Bitcoin topped $71,000 for the first time, advancing for a sixth straight day and taking this year’s rally to almost 70 per cent. The original cryptocurrency jumped as much as 2.5 per cent on Monday as of 7.40 a.m. in London. Smaller tokens like Ether, Solana and Avalanche also advanced.
The world’s largest cryptocurrency hit a high of $71,000, topping November 2021’s all-time peak of $68,999.99. Investor interest has increased since the Securities and Exchange Commission approved 11 spot bitcoin ETFs in late January.
Bitcoin’s meteoric nearly 160 per cent ascent since October, of which 44 per cent came in February alone, marks a sharp contrast to 2022, when the market was beaten into an 18-month long crypto winter, plagued by a string of high-profile corporate bankruptcies and scandal.

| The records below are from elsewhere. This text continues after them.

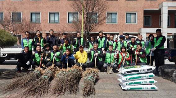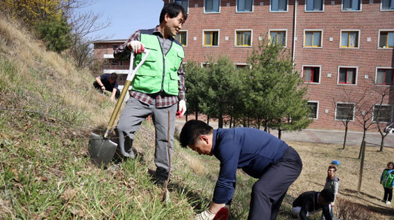 À̳¯ ½£ °¡²Ù±â Çà»ç´Â Áö¿ª»çȸ À¯°ü±â°üÀÎ ¾Æ»ê¿Â±Ã·ÎÅ͸®Å¬·´(ȸÀå À±Á¤Èñ)¿Í ¿¬°èÇÏ¿© ½Ç½ÃµÇ¾úÀ¸¸ç, ¾Æ»ê¿Â±Ã·ÎÅ͸®Å¬·´¿¡¼ ±âÁõÇÑ ¹«±ÃÈ 250ÁÖ¿Í ¾Æ»êÆú¸®ÅØ¿¡¼ ¸¶·ÃÇÑ °¨³ª¹« 20ÁÖ, ¸ð°ú³ª¹« 5ÁÖ µî 300¿© º»À» Ä·ÆÛ½º ¿ïŸ¸® ÁÖº¯°ú ±â¼÷»ç µÚ À¯ÈÞ°ø°£¿¡ ½ÄÀçÇß°í, Ä·ÆÛ½º¿¡ °÷°÷¿¡ »êÀçµÅ ÀÖ´Â ³ª¹«¸¦ À̽ÄÇÏ´Â µî Ä·ÆÛ½º ³» »õ·Î¿î ÈÞ°Ô ¹®È°ø°£À» Á¶¼ºÇϱâ À§ÇØ ÁøÇàµÆ´Ù.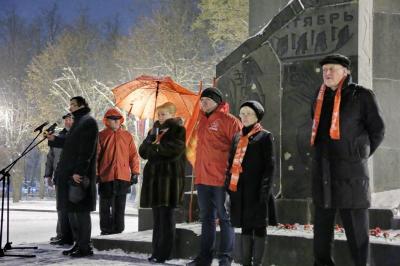 7 ноября в Великом Новгороде у монумента вождю, у памятника Владимиру Ильичу Ленину на площади Победы-Софийская собрались коммунисты и их сторонники. В день, посвященный 99-летию Великой Октябрьской революции, несмотря на снег и штормовое предупреждение, под красные флаги и знамёна встали сотни жителей областного центра.
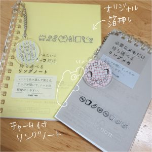 オリジナルのイラストの箔押し入りのリングノート、可愛いチャーム付き!中のリフィルの交換もできます!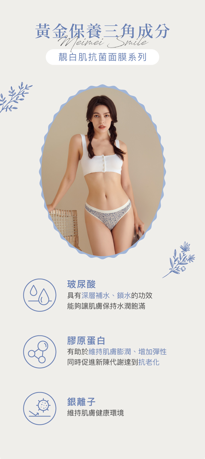 褲底添加銀離子、膠原蛋白、玻尿酸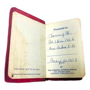 Pocket Mini Bible. Imitation red leather. Copyright 1968, this is the 1982 edition book is in good to very good condition. With extremely light wear and tear. Some marks as shown in pictures. Questions are welcome.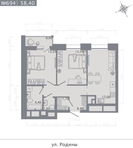 Продаётся 2-комнатная квартира в строящемся доме (Корпус 2), срок сдачи: I-кв. 2029, общей площадью 58.4 кв.м., на 20 этаже.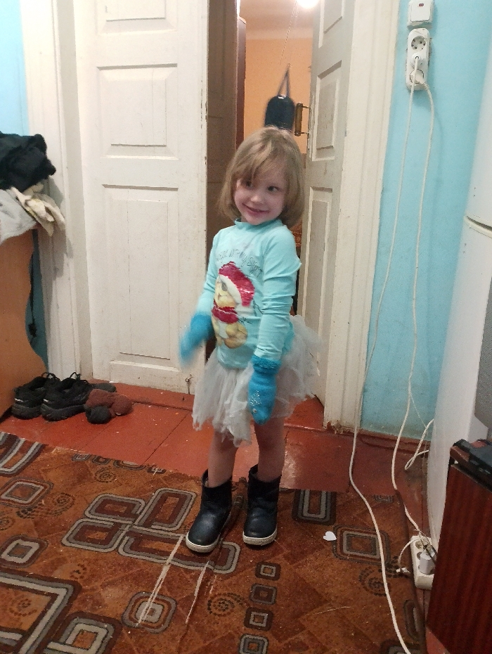 A young girl stands in a doorway. She has blonde hair and wears a light blue long-sleeved shirt with a cartoon character, a white tulle skirt, blue mittens, and black boots. Behind her are open doors and a cluttered room. The walls are light blue and there are electrical outlets with cords hanging down on the right. The floor has a brown patterned rug.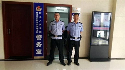 随县公安局治安大队派驻随县人民法院警务室在随县人民法院法警大队正式挂牌成立。随着司法改革逐步深入,法院工作面临的压力和挑战越来越大,无论是应对群体性闹访还是打击“老赖”基本解决执行难活动的深入开展,法院和公安机关的配合越来越密切。县法院根据上级法院指示精神,与县公安局积极接洽,成立了随县公安局治安大队派驻随县人民法院警务室,更好地服务和促进法院审判执行工作。

In addition to demand from a wider pool of investors, bitcoin, and crypto generally, has gotten a boost from the prospect of the Federal Reserve cutting U.S. interest rates, which often prompts investors to divert capital into assets that are higher yielding or more volatile.

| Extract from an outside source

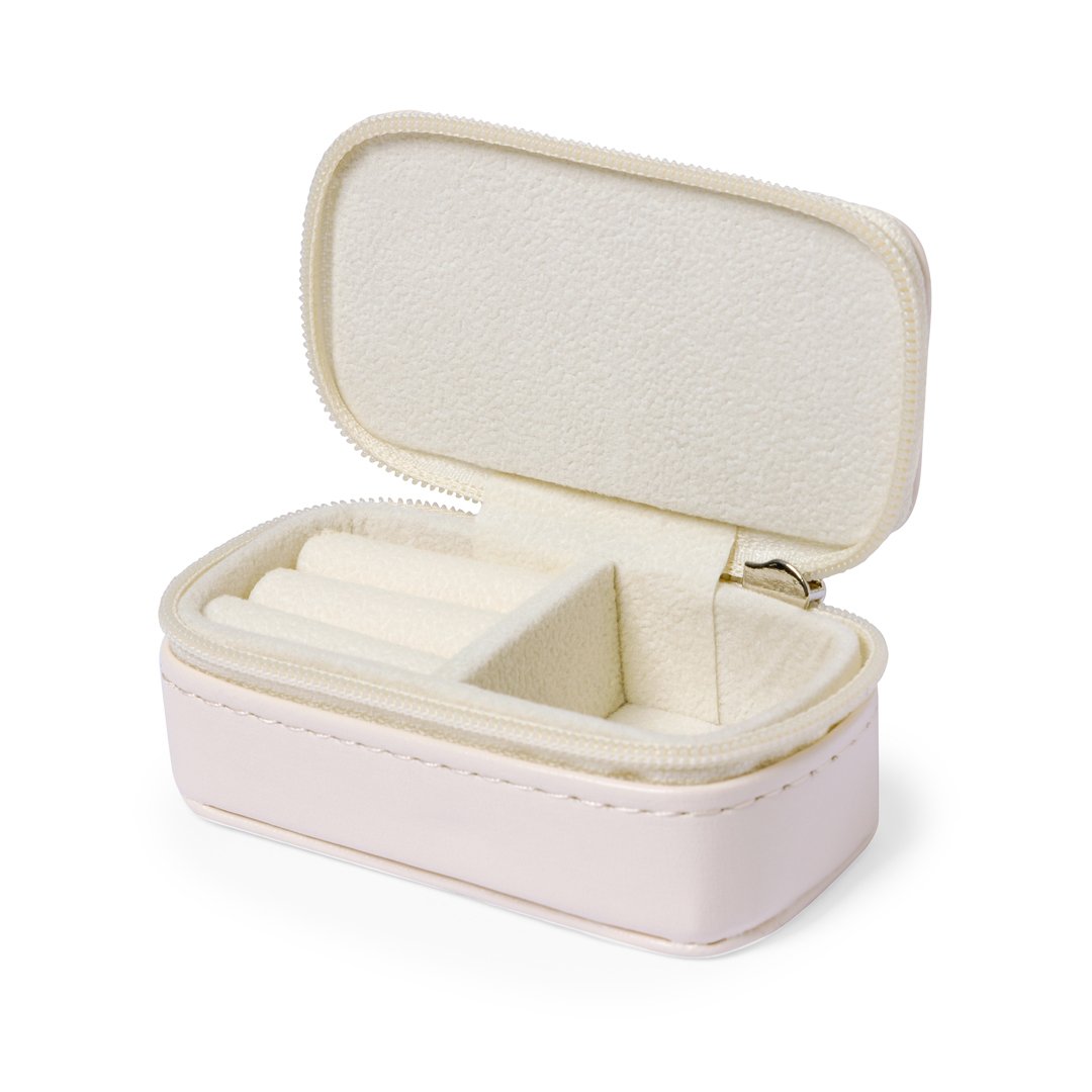 Estuche joyero fabricado en polipiel. Diseño de color natural con cierre de cremallera y dos compartimentos en su interior. Un compartimento en forma de cajita y otro compartimento con almohadillas para sujetar anillos y pendientes, forrado de suave tela. Presentado en una bolsa de papel individual.

Investors have lapped up crypto, mega-cap technology stocks and investment-grade corporate bonds in particular this year.
Analysts say bitcoin also benefited ahead of April’s so-called halving event - a process that takes place every four years in which the rate at which tokens are released is cut in half, along with the rewards given to miners.
Supply of bitcoin is limited to 21 million, of which 19 million have already been mined.
Despite its recent popularity, for many investors, bitcoin is simply too volatile and lacks enough real-world applications to be anything other than a speculative asset.